Старый индеец еще раз провел рукой по угольным волосам притихшего Игната.
– Нас всех ждут великие испытания. Справимся ли мы, а, ашкий? – индеец вздохнул и, отряхнув свою хламиду от несуществующей пыли, поднялся с колен.
– При чем же здесь Игнат? – глухо спросил Даниэль.
– Ни при чем. Ты не понял. Злого духа выпустили, и он уже набирает силу. Ашкий всего лишь призма, через которую я увидел Черного Призрака. Не думай об этом охотник, все равно тебе не понять, – индеец задумался, рассматривая Даниэля. – Лучше помоги мальчику, охотник, – совсем уже тихо произнес он. – Без тебя он не справится, – добавил старый индеец и больше к ним не поворачивался, занятый созерцанием уходящего за горизонт солнца.
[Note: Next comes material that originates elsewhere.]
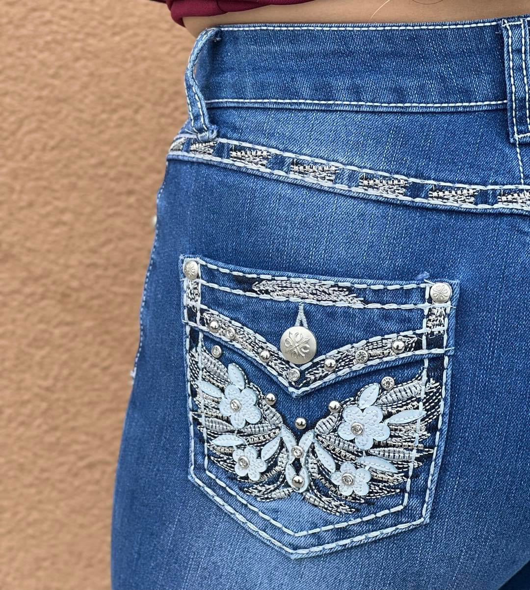 Women’s HY- 402 Blue With White Flower Jeans

В тот день Седому Джонни так и не случилось больше заснуть. Он и не подозревал, что с появлением детей Скалистые горы покинут мир и тишина. Когда-то давным-давно он обрел умиротворение и спокойствие. А теперь он вдруг остро почувствовал, что его незыблемому, вековому царству благополучия совсем скоро придет конец.
***
«Глядя в прицел винтовки,
никогда не забывай посматривать за спину».
Игнат не стал тревожить дядю Денни, когда получил сообщение о постороннем движении в заповеднике. Да и с чего бы? Непонятно было, что и как. Для начала, он хотел сам удостовериться, что опасность реальная. Была еще одна причина – он хотел доказать старому егерю, что способен на самостоятельные действия. Не так уж и давно он заменил Даниэля, возглавив службу безопасности парка, и ничем значительным все еще не отличился. Честолюбие? Может и так. Хотя кто посмеет его обвинить в этом, когда он решит проблему. Звонок помощника раздался ночью, беззвучно завибрировав неоновым экраном телефона. Игнат осторожно выбрался из объятий сладко сопящей во сне Вики, и, наскоро собравшись, выехал в заповедник.
«А это тварь не так и глупа», – все шло так, как он и задумал. Волк уверенно шел в приготовленную для него западню, осторожно обходя сигнальные ловушки. Да, уверенность в безнаказанности своих действий – опасная штука. Игнат оторвался от винтовки и прислушался к раздавшемуся за перевалом шуму. Правее от линии прицела вспорхнули птицы. Внутри знакомо, сладко защипало чувство азарта, холодом отозвавшееся в животе. Он приник к оптике и развернулся вместе с винтовкой в сторону ручья. «Извини парень, но здесь моя земля». Знакомо защипало на подушечках пальцев. Рассвет приближался, заливая восток небо багровыми цветами.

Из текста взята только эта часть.